Based on these last treatments, we hope to provide, with this review, an evidence-based recommendation for the handling of COVID-19-recovered patients with persistent OD.
Methods
A literature review was performed in July 2021 through a research in two medical databases: PubMed® and Cochrane Library®. The authors searched for articles published between June 2011 and June 2021, using the following key terms: “anosmia”, “hyposmia”, “dysgeusia”, “olfactory dysfunction”, “SARS-CoV-2”, “COVID- 19”. In this review, randomized controlled trials (RCTs), cohort studies, and, since it is a very recent condition, preliminary results of ongoing research were included.
Articles were limited to those having titles and abstracts available in English or Portuguese. Also excluded were case reports, letters to the editor, and book chapters, as well as studies whose main focus was olfactory loss secondary to etiologies, not including post infectious olfactory dysfunction (PIOD).
All the authors agreed on the article selection, doing so independently, though Covidence® app.
After duplication, the identified full-text articles were examined for original data.
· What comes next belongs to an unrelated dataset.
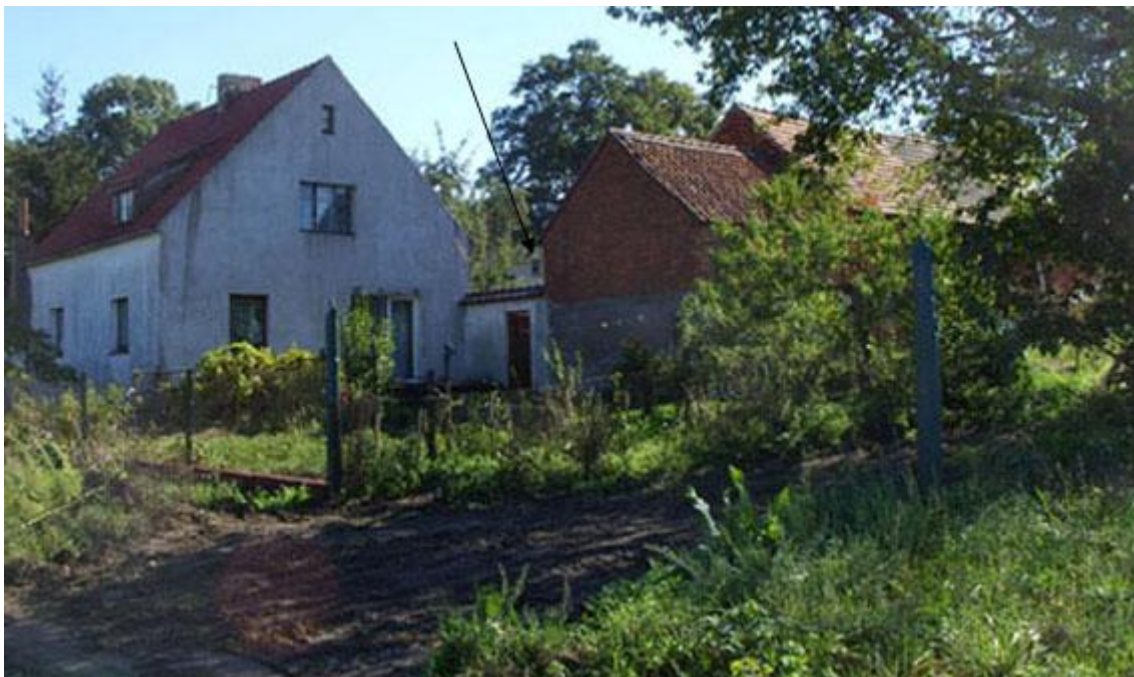
Bild 1: Das Einfamilienhaus mit Nebengebäuden (erbaut von der Familie Jirman 1937/38), aufgenommen im Jahr 2012 mit Blick von den Wiesen, befindet sich in einem guten, sanierten Zustand. (Der Pfeil zeigt auf ein Fenster des im Hintergrund auf einer Anhöhe befindlichen Nachbarhauses, ehemals Familie Fleger/Langer.)

Ihr Wohnhaus, Bild 1, baute sich die Familie Jirman in den Jahren 1937/38 direkt bei uns gegenüber an der Kauba-Reihe, Nr. 251, siehe Lageplan-Entwurf in Bild 2, und wurde so unser Nachbar.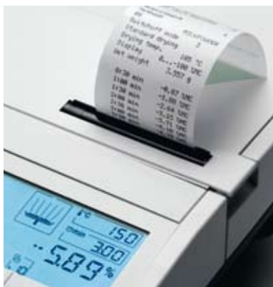
Affichage clair et protocoles compatibles aux normes GLP/GMP

La mesure de l'humidité s'effectue en trois étapes seulement : vous tarez le porte-échantillon, posez l'échantillon et appuyez sur Start. La mesure s'effectue automatiquement et vous fournit des résultats fiables en quelques minutes seulement.

Further cross screenings of the references were performed in order to complement the initial search results. Comparative studies examining the management of patients with post-viral olfactory outcome loss were included.
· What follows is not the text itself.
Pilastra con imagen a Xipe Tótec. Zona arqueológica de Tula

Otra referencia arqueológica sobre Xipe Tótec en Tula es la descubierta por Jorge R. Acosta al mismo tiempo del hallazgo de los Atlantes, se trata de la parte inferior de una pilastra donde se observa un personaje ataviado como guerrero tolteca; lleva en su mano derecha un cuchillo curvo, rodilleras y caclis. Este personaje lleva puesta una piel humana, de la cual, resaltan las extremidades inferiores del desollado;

Olfactory Dysfunction in Covid-19
The mechanism behind COVID-19-related OD is not still well-understood, but it seems to behave differently from typical post infectious olfactory dysfunction (PIOD) cases, with a more pronounced olfactory dysfunction, and a frequent association with dysgeusia (specifically loss of bitter taste, which has been identified as a discriminating feature).9,15 Current investigation on the mechanism of chemosensory dysfunction in COVID-19 suggests that it is caused by the entry of the virus via angiotensin-converting enzyme 2 receptors, highly expressed on nasal epithelial cells, which leads to infection and death of sustentacular cells in the olfactory epithelium.9 In the majority of cases, this does not necessarily lead to permanent damage or death of olfactory receptor neurons and, therefore, patients usually recover within 4 weeks of onset.7,15 However, current data suggest that around 10% to 17% of patients have persistent OD and do not recover spontaneously.13,14 This OD persistence may be related to the ability of the coronavirus to affect a larger area of the olfactory epithelium, with possible cellular death of a larger number of olfactory receptor neurons. Nevertheless, further investigation is required to support this theory.7,9
Diagnostic Approach
When a patient recovered from a COVID-19 infection presents with isolated OD for more than 14 days since the beginning of the infection, a detailed clinical history should be carried out.5,7,16 The goal is to identify possible red-flag symptoms and rule out differential diagnoses that may present with the same symptoms but require specific evaluation. Red flag symptoms that must be excluded comprise bleeding, orbital symptoms, severe headaches, neurological or meningeal symptoms, cacosmia and face swelling.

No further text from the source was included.